--- Records Enclosed Below ---

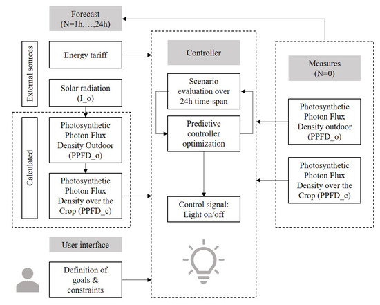 The only assumption of the present work is considering that the end-user is able to completely benefit from the energy price fluctuation over the wholesale market. Indeed, the wholesale energy price is not the unique component of the energy tariff payed by the end user. The end user tariff includes also additional voices, such as dispatch, taxes, and utilities revenues. However, the wholesale energy price is the component mostly affected by the sharp daily fluctuation of energy availability due to RES penetration. The wholesale market price is a good indicator of the grid unbalances between offer and demand [54]. For this reason, authors limited their benchmark studies to this unique price voice. Measurements were retrieved every 30 s. The control time-step was set equal to 15 min. This means that, every 15-min interval, the algorithm repeats the sequence described in Figure 3. The prediction and control horizon were set equal to 1 day, and at midnight the integral values were reset to 0. The combination of control time-step and prediction horizon length causes the maximum value of n in Equation (11) to be equal to 96, limiting the computational effort of the algorithm. The control goal was set using a daily objective of cumulative . Considering that the experimental campaign was undertaken during the winter season, this value represented a challenging threshold. For the sake of comparison, readers can refer to the outdoor horizontal solar DLI of the location considered. During the experimental campaign period, the daily outdoor DLI ranged between and . When the natural DLI was not sufficient, the artificial lighting system had to integrate the radiation reaching the canopy for boosting crop growth and maintaining the selected set-point.
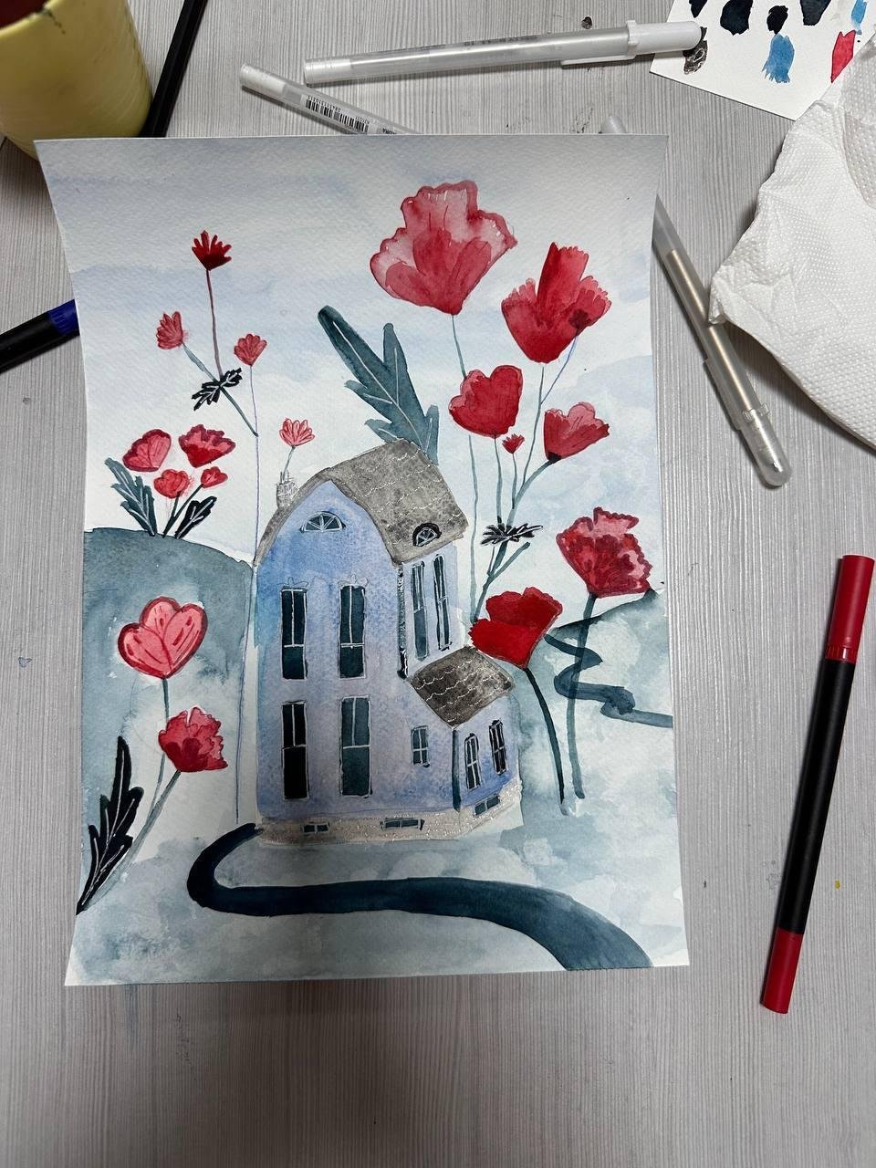 В этом году стала рисовать акварелью. В прошлом ходила в художку лет пять
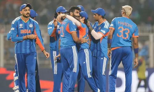 కోల్ కతా: టి20 వరల్డ్ కప్ లో భాగంగా సూపర్ 8లో భాగంగా భారత్- వెస్టిండీస్ మధ్య జరిగిన మ్యాచ్ లో విండీస్ 20 ఓవర్లలో నాలుగు వికెట్లు కోల్పోయి 195 పరుగులు చేసింది. భారత మందు 196 పరుగుల లక్ష్యాన్ని ఉంచింది. విండీస్ బ్యాట్స్ మెన్లు రోస్టన్ చేజ్(40), రోవన్ పావెల్(34 నాటౌట్), జెసన్ హోల్డర్(37 నాటౌట్), సాయి హోప్(32), సిమ్రాన్ హెట్ మెయిర్ (27) పరుగులు చేసి ఆలౌటయ్యారు. షెర్ఫన్ రూథర్ పోర్డు (14) పరుగులు చేసి ఔటయ్యారు. ప్రస్తుతం క్రీజులో రోవన్ పావెల్(03), రోమారియో జెషన్ హోల్డర్ (6) పరుగులతో బ్యాటింగ్ చేస్తున్నారు. భారత బౌలర్లలో జస్ప్రీత్ బుమ్రా రెండు వికెట్లు, వరుణ్ చక్రవర్తి, హార్ధిక్ పాండ్యా చెరో ఒక వికెట్ తీశారు.
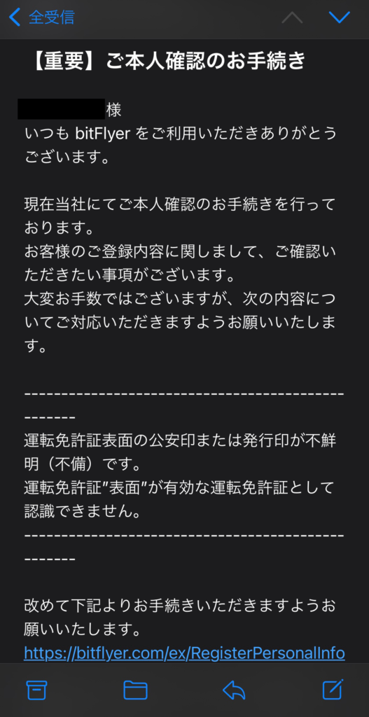 私もメールで後から免許証がうまく認識出来ないとメールが届きました。
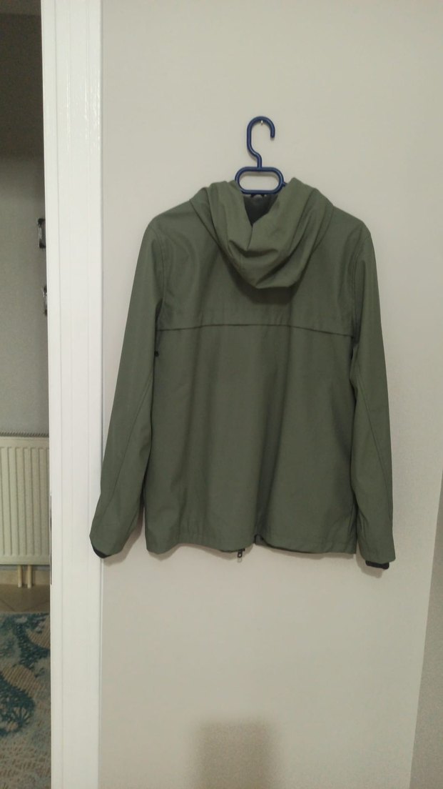 Kapüşonlu, fermuarlı, uzun kollu, bol kesim haki ceket. Yumuşak ve sıcak dokulu kumaştan, dış mekan kullanımı için uygundur.
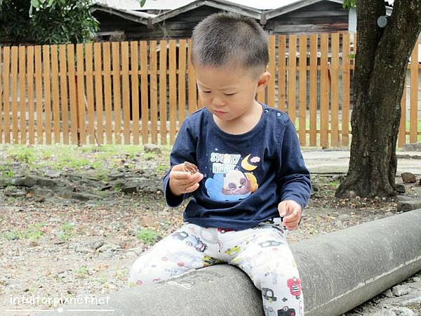 雞腿寶坐在排煙道遺址旁倒塌在地的電線桿上,撿拾到一顆蝸牛殼,神情認真的研究此物。
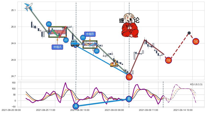 ➣ 【中枢B】:08-30:09-08-31:11,中枢由5笔构成,共9交易小时, ZG=24.90, ZD=24.89
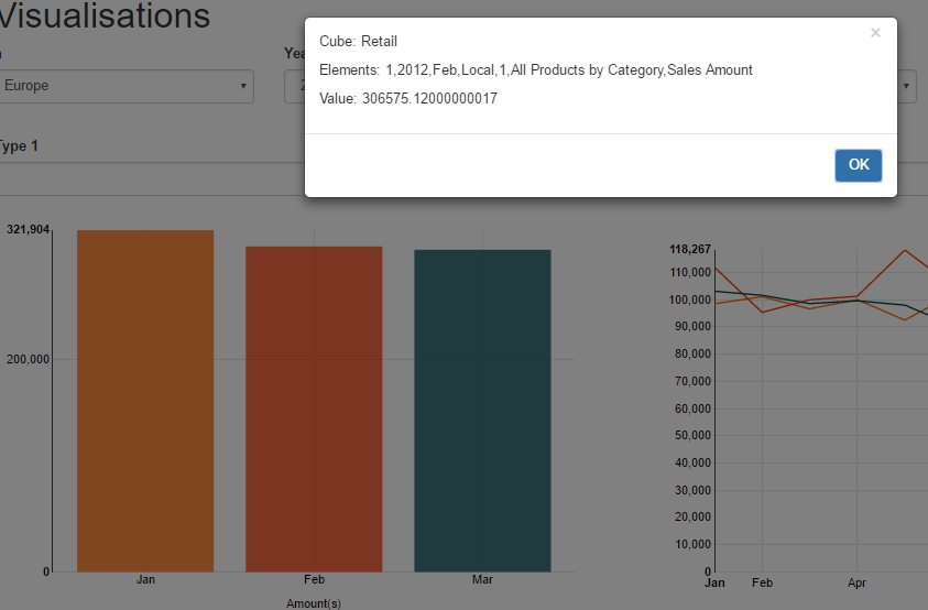 An example has been setup in the Visualisations sample page showcasing how you can modify the options, and, for this example, be able to grab the data attached to the bar element that was clicked on by the user on the front end. A table is then displayed corresponding to the month of the bar element:
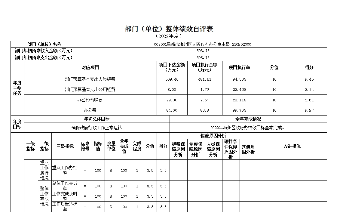组织对1个单位开展整体绩效自评,涉及资金508.73万元,自评平均分84.27分。《部门(单位)整体绩效自评表》见附件。
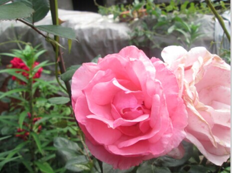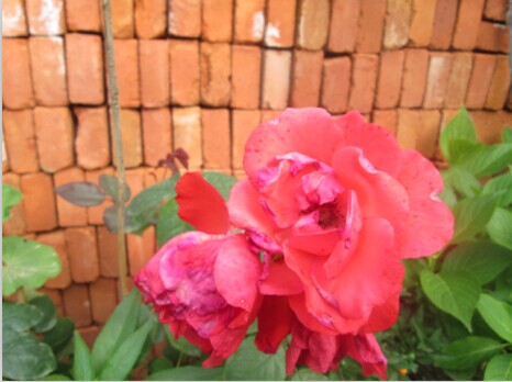 中午,在烈日炎炎之下,玫瑰花依旧方向。花瓣儿好像觉得太热了,他们层层卷了起来。虽说,没有早上那么耀眼,但却不失玫瑰本色,被烈日蒸发的浓香还是隐隐迎面而来。
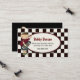 Tarjeta de visita de la fecha del juego del muchacho elegante, hecha en un negro y del modelo a cuadros blanco. Un área de texto oval apagado blanca, en el centro, se adorna con el borde coloreado marrón y los gráficos lindos del país, de un niño pequeño que sostiene un monopatín. Personalice el texto para el niño. Gran manera de permanecer en contacto con otras mamáes y de arreglar fechas del juego, fiestas de cumpleaños, y los gallineros que se sientan del bebé.
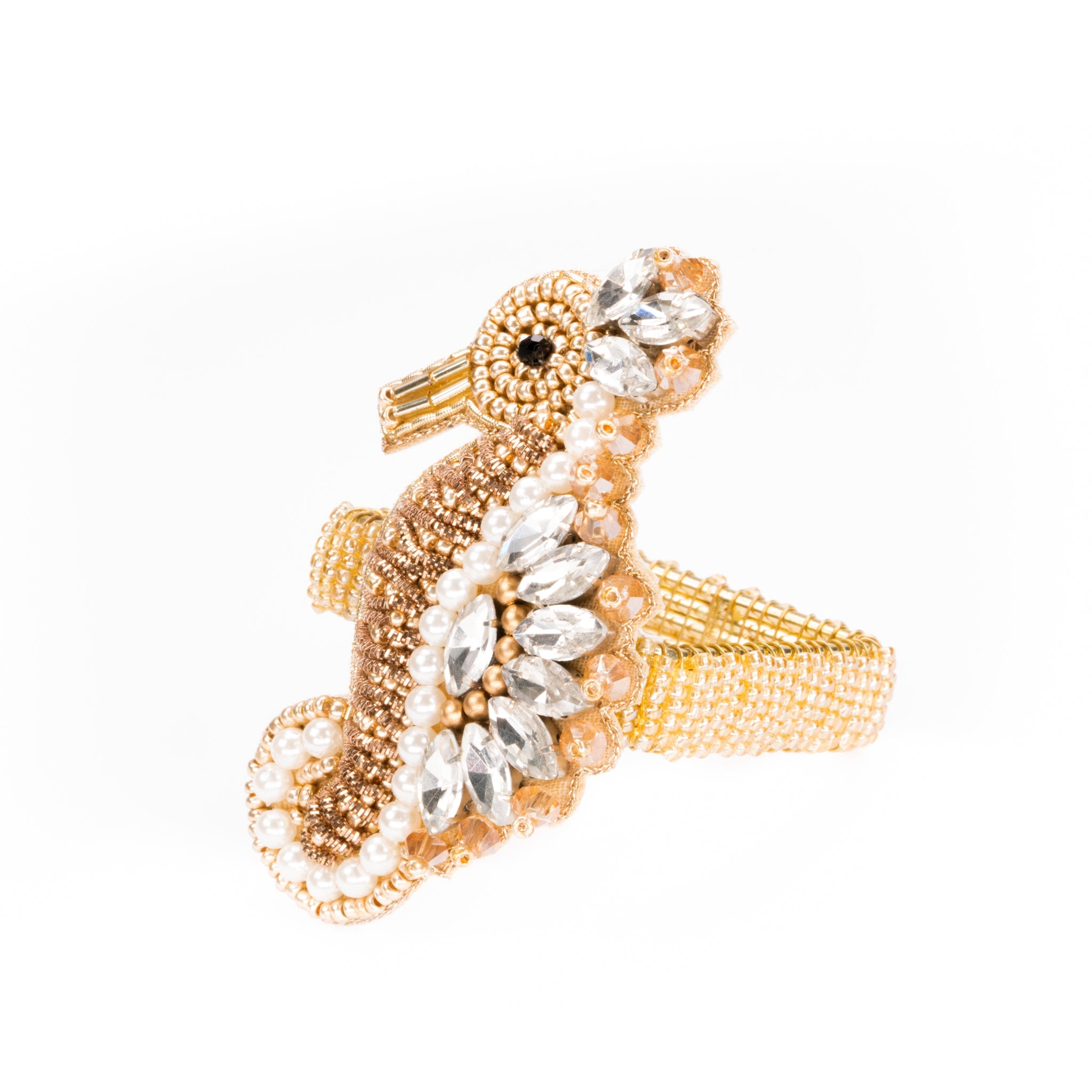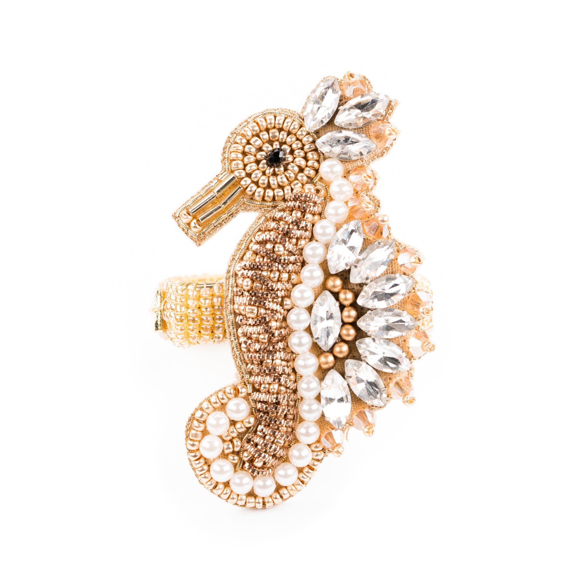 This beautiful golden seahorse features a unique combination of bead embroidery, dabka thread embroidery, rhinestones and pearls.

--- End of Enclosed Records ---

▶ [Work required]
Omitting all pictures, restate word for word the lines from the one containing "Tarjeta de visita" through the last line of the data.

▶ [Expected answer]
 Tarjeta de visita de la fecha del juego del muchacho elegante, hecha en un negro y del modelo a cuadros blanco. Un área de texto oval apagado blanca, en el centro, se adorna con el borde coloreado marrón y los gráficos lindos del país, de un niño pequeño que sostiene un monopatín. Personalice el texto para el niño. Gran manera de permanecer en contacto con otras mamáes y de arreglar fechas del juego, fiestas de cumpleaños, y los gallineros que se sientan del bebé.
 This beautiful golden seahorse features a unique combination of bead embroidery, dabka thread embroidery, rhinestones and pearls.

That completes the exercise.